We define the LLM model and the embeddings model that we are going to use in the pipeline.

For the LLM we are utilizing the most powerful Antropic model designed for systems like ours, that's the **Claude 3 Sonnet model**. This model is also very cheap to run and has excellent performance. The model has 200k context size window and is very powerful.

For the embeddings model we are going to work with with the same embedding model that we used in the data loading splitting ingestion pipeline.

In [7]:
# Creating the LLM and Embedder models
llm = ChatBedrock(region_name=REGION_NAME,model_id=LLM_MODEL_ID, model_kwargs=LLM_MODEL_KWARGS)
embedder = BedrockEmbeddings(region_name=REGION_NAME, model_id=EMBEDDER_MODEL_ID, model_kwargs=EMBEDDER_MODEL_KWARGS)


We are going to load the vector database that we used in the data ingestion pipeline and define the retriever that we are going to use in this pipeline.

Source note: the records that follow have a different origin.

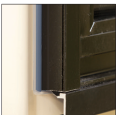
Side view with Trim Bead
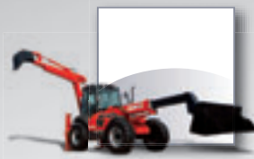
MANIHOE Backhoe/Loader with telescopic boom
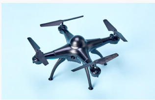
An aerodynamic drone casing
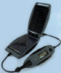
Power Monkey Explorer

*optional plug-in solar panel available at extra cost
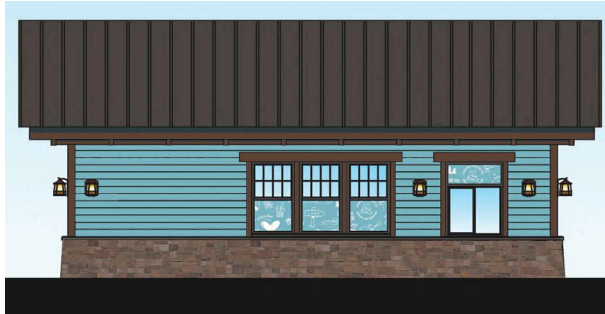
4 SOUTH ELEVATION 1/4" = 1'-0"
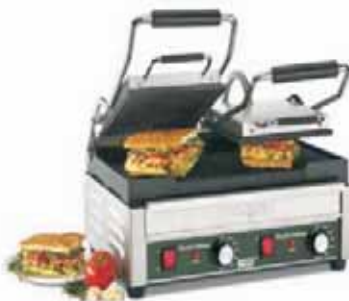
SANDWICH GRILLER DOUBLE

Complete stainless steel with mirror finish body and adjustable griller plate at suitable pressure through spring tension device.
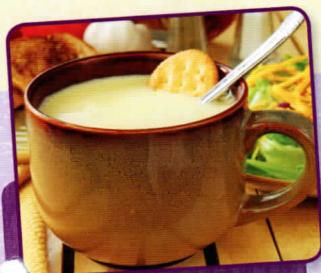
Unusual serving ware

Snap reference photos for your next party! Photograph each dish as it comes out of the kitchen. Later, attach the photo to the recipe, along with notes about what worked and what you could improve.

**The retriever** is going to be used to retrieve the most similar documents to the input query. The search type is going to be similarity(cosine) and we are going to retrieve the top 5 documents. Some other approaches are changing the search type to mmr or similarity search with a threshold.

In [8]:
# Loading the vector store and creating retriever
vector_store = FAISS.load_local(VECTOR_STORE_PATH, embeddings=embedder, allow_dangerous_deserialization=True)
retriever = vector_store.as_retriever(search_type=SEARCH_TYPE, **RETRIEVER_KWARGS)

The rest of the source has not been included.